--- Records for the exercise Enclosed Below ---

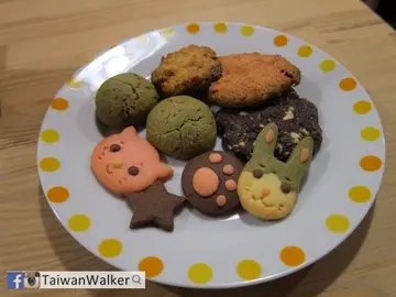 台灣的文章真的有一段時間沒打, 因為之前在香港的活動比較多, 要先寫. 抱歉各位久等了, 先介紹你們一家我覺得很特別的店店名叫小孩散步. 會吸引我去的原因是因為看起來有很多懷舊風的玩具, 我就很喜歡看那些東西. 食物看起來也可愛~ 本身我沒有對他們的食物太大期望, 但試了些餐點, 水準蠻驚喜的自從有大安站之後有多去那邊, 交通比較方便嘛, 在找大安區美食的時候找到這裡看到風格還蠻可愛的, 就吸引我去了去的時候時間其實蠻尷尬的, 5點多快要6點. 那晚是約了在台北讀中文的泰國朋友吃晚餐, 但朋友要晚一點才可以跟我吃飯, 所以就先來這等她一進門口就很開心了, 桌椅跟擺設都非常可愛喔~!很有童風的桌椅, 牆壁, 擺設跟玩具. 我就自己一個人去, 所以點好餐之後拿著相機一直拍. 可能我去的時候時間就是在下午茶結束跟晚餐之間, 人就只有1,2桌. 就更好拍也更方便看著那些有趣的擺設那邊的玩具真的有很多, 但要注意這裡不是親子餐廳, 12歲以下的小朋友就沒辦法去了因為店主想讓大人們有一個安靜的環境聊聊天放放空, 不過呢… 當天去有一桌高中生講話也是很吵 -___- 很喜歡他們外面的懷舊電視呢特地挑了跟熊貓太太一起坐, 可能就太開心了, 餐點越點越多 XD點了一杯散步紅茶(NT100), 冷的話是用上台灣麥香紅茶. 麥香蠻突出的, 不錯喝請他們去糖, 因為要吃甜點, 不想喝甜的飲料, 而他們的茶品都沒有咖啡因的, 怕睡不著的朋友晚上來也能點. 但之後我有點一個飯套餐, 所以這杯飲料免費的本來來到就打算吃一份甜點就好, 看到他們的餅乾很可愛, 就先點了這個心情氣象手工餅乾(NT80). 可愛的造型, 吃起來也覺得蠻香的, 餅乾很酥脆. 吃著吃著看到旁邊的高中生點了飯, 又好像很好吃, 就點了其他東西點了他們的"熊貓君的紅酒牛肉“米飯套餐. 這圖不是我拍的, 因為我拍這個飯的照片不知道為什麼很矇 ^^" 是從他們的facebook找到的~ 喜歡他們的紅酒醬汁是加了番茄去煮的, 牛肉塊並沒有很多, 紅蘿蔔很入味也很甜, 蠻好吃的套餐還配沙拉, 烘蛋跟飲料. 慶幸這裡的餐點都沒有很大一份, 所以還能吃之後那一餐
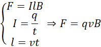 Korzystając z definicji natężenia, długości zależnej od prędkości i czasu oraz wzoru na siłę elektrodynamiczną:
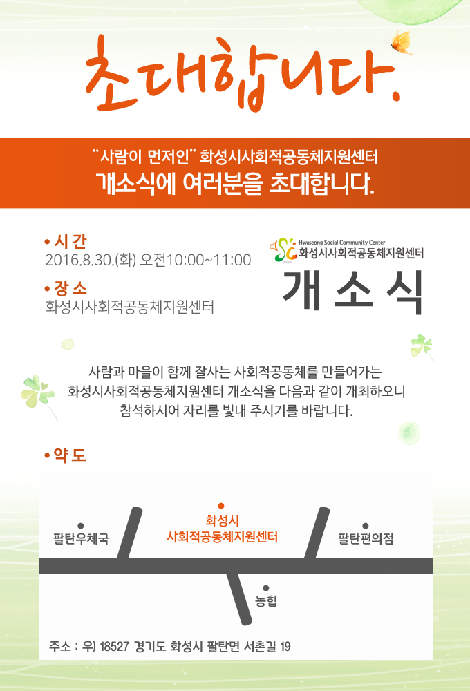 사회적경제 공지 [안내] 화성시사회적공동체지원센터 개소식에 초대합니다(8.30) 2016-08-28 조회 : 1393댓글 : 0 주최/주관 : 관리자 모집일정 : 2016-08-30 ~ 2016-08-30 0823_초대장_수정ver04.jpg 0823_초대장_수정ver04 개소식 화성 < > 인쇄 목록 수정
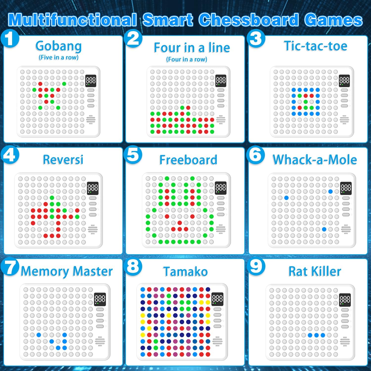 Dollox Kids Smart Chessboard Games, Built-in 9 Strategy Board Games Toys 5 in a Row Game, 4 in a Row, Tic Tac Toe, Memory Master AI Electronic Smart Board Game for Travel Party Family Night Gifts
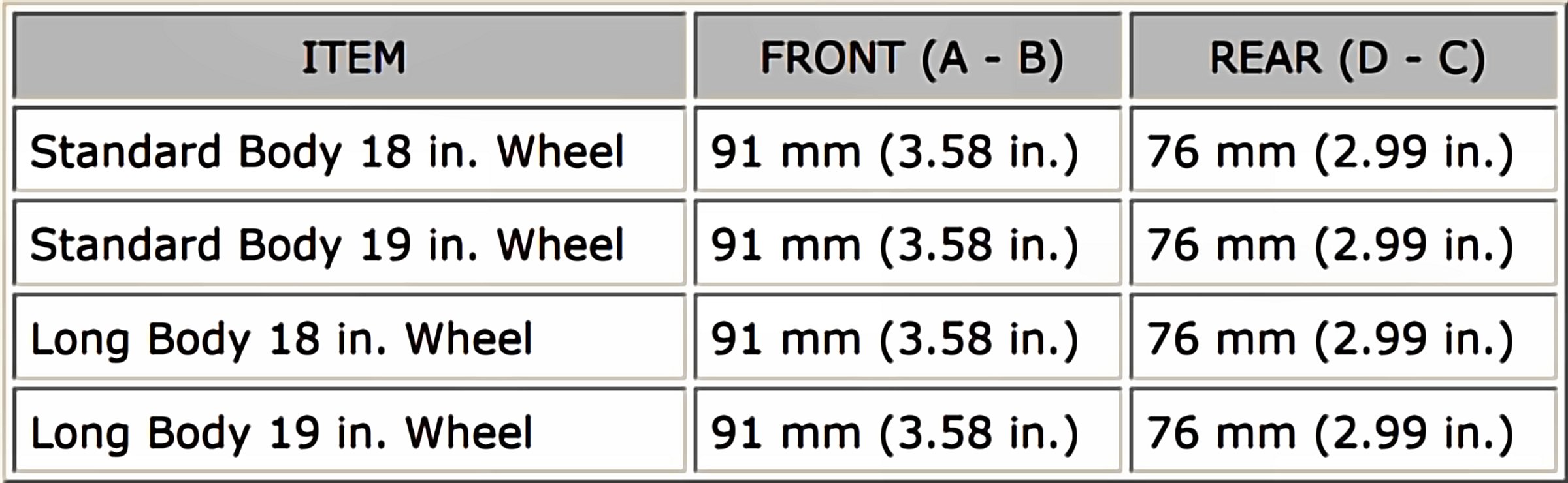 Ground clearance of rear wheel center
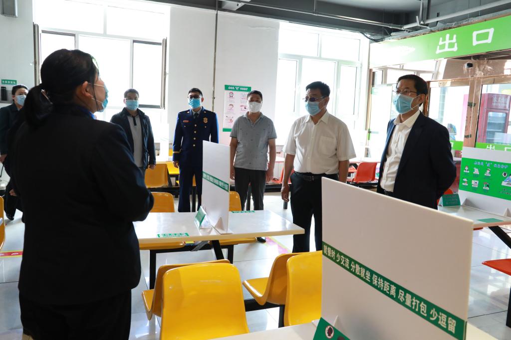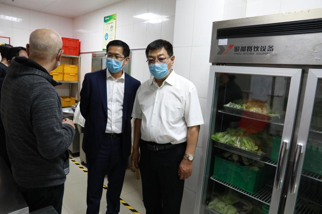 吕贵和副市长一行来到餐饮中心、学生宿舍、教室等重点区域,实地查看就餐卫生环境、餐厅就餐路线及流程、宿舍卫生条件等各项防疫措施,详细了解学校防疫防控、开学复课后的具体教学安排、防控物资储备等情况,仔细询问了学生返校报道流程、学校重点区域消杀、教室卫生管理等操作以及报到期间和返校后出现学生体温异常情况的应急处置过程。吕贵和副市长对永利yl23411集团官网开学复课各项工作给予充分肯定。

--- End of Enclosed Records for the exercise ---

## Assigned task
Your answer should be the lines from the line containing "Ground clearance of rear wheel center" through the end of the listing above, output exactly and alone, without the pictures.

## Solution for this problem
 Ground clearance of rear wheel center
 吕贵和副市长一行来到餐饮中心、学生宿舍、教室等重点区域,实地查看就餐卫生环境、餐厅就餐路线及流程、宿舍卫生条件等各项防疫措施,详细了解学校防疫防控、开学复课后的具体教学安排、防控物资储备等情况,仔细询问了学生返校报道流程、学校重点区域消杀、教室卫生管理等操作以及报到期间和返校后出现学生体温异常情况的应急处置过程。吕贵和副市长对永利yl23411集团官网开学复课各项工作给予充分肯定。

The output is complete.